Hikam Imam Al-Haddad 12 : Merdeka dari Pola Pikir Orang Lain

Education AlMuwasholah | Hikam Ke-12

إِنْ شِئْتَ أَنْ تَكُونَ حُرًّا فَاتْرُكْ كُلَّ أَمْرٍ ، إِنْ لَمْ تَتْرُكْهُ اِخْتِيَارًاً تَرَكْتَهُ اضْطِرَارًاً

Jika engkau ingin menjadi orang yang merdeka, tinggalkanlah segala perkara. Jika perkara itu tidak kau tinggalkan secara sukarela, engkau akan meninggalkannya secara terpaksa

Hikmah ini mengandung kata hurr (حر ) yang berarti ‘orang yang merdeka’. Lawan katanya adalah ‘abd  (عبد) yang berarti ‘hamba sahaya’. Banyak orang berpikir dirinya merdeka, padahal hakikatnya masih hamba sahaya. Begitu sedikit orang yang menggapai kemerdekaan yang sebenarnya. Kemerdekaan yang sebenarnya adalah ketika seseorang tidak terjajah oleh apa pun yang ada di luar sana. Ia tidak terbawa oleh opini ataupun terpengaruh oleh keadaan, tetapi justru ia yang memengaruhi keadaan. Ia yang menggiring orang, bukan dia yang digiring ataupun dimanfaatkan oleh orang lain. Itulah orang yang paling merdeka. Ketika orang-orang membahas sesuatu, kemudian dia ikut-ikutan membahas itu juga, berarti dia masih terpengaruh oleh pola pikir orang lain. Semestinya orang yang hurr itu adalah orang yang dengan pola pikirnya. Dia memengaruhi apa yang sedang viral sekarang, bukan sebaliknya, malah dia yang ikut-ikutan.

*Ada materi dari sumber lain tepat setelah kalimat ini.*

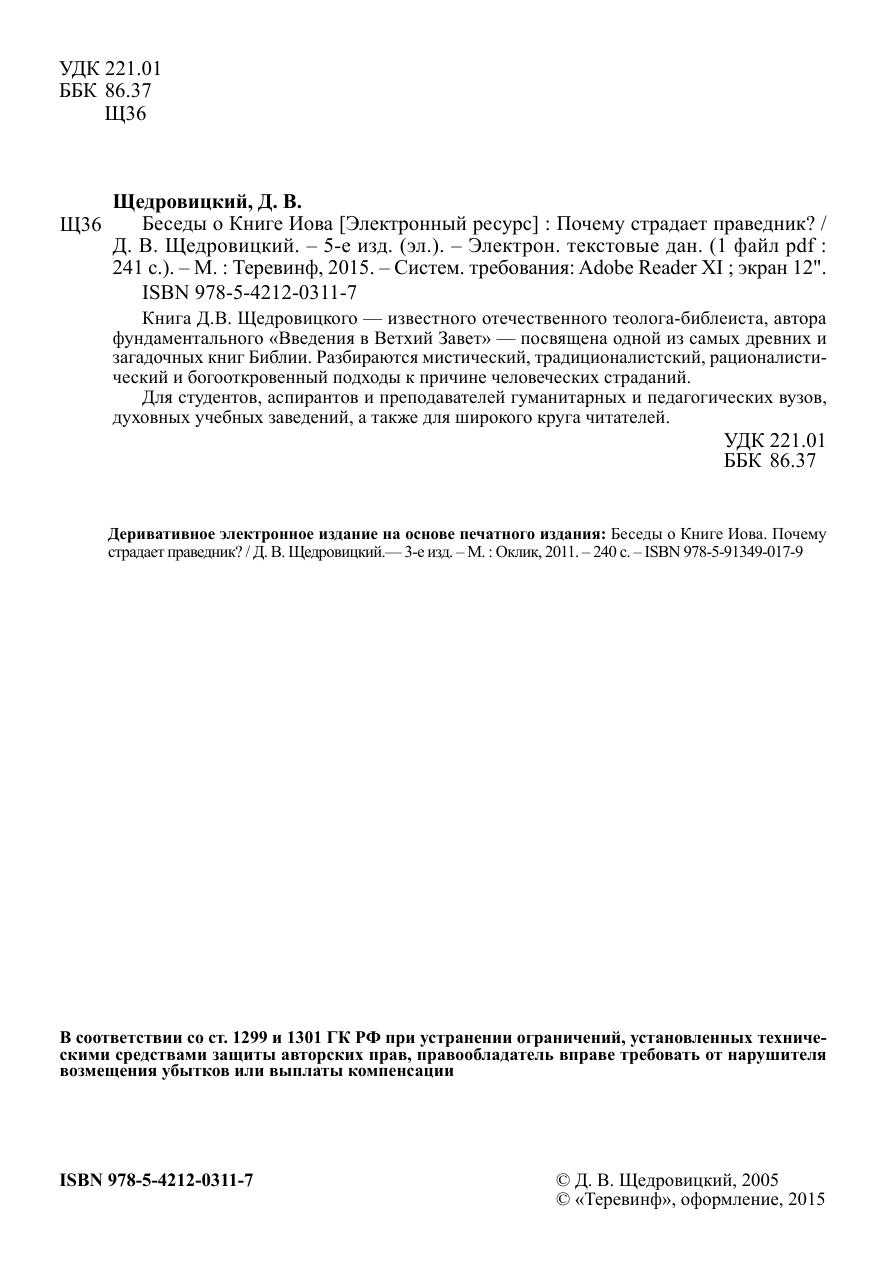 Книга Д.В. Щедровицкого — известного отечественного теолога-библеиста, автора фундаментального «Введения в Ветхий Завет» — посвящена одной из самых древних и загадочных книг Библии. Разбираются мистический, традиционалистский, рационалистический и богооткровенный подходы к причине человеческих страданий.
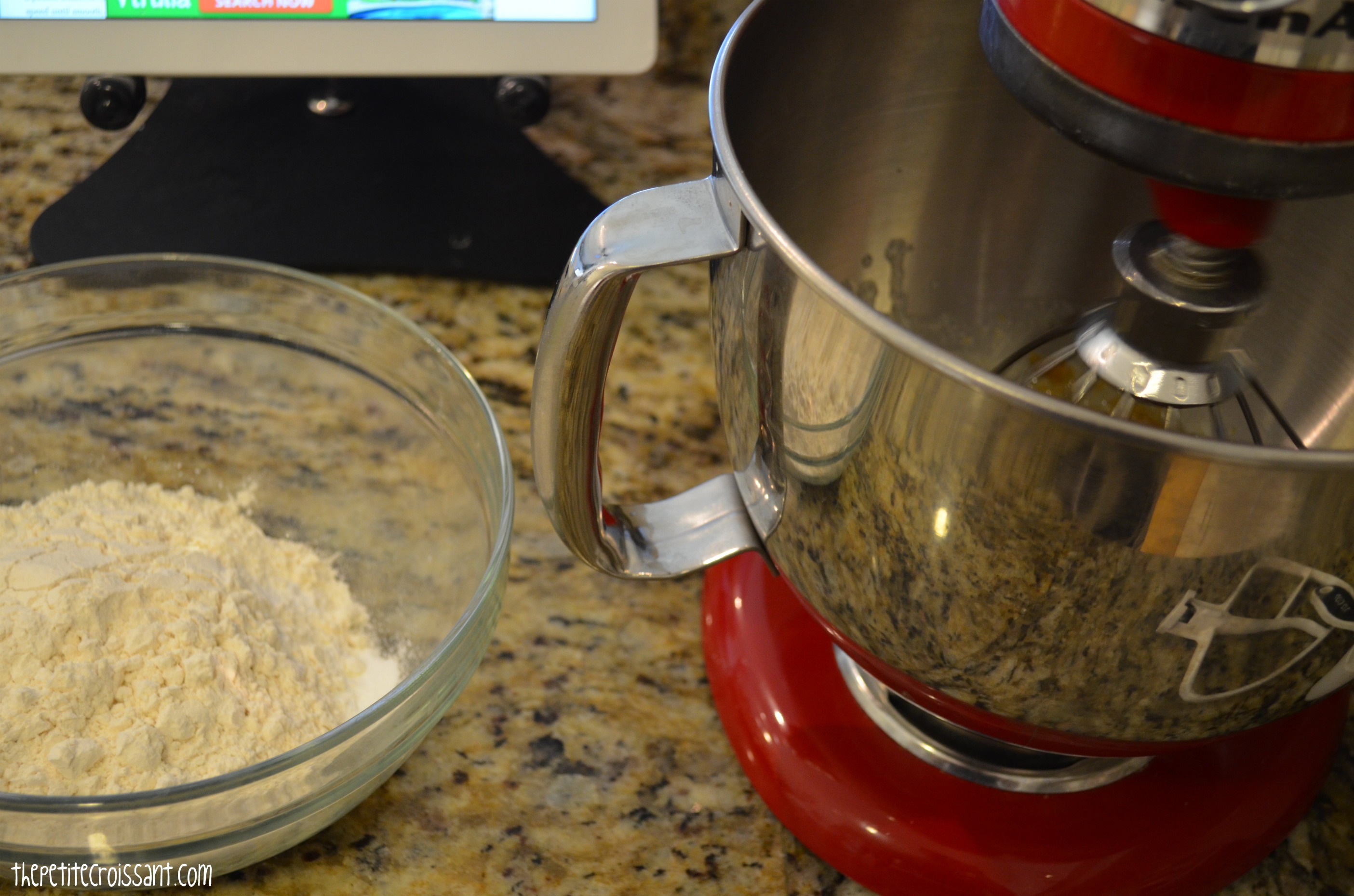 2. Mix the flour, baking powder, and baking soda, and set aside. Pour the melted butter in the bowl of your electric mixer fitted with the whisk attachment. Whisk in the two sugars. Add the egg, yogurt/sour cream, milk, vanilla, and lemon zest. Whisk until combined. Slowly add the dry ingredients and mix until the batter is smooth. Add the blueberries and mix with a spatula.

Perihal kemerdekaan ini, seorang penyair Arab berkata, “Berpegang teguhlah pada ujung baju orang yang merdeka! Peganglah ketika engkau mendapatkannya! Sebab orang-orang yang merdeka itu sangatlah sedikit di dunia ini. Peganglah dan jangan lepaskan orang-orang semacam ini.” Apa kriterianya? Mereka yang tidak gampang terpengaruh oleh keadaan, tidak terbawa opini, tidak terbawa isu-isu. Bahkan dialah yang memberikan solusi atas isu-isu tersebut. Dengan pola pikirnyalah dia menawarkan solusi untuk masalah yang sedang tersebar. Inilah hakikatnya hamba Allah yang sejati.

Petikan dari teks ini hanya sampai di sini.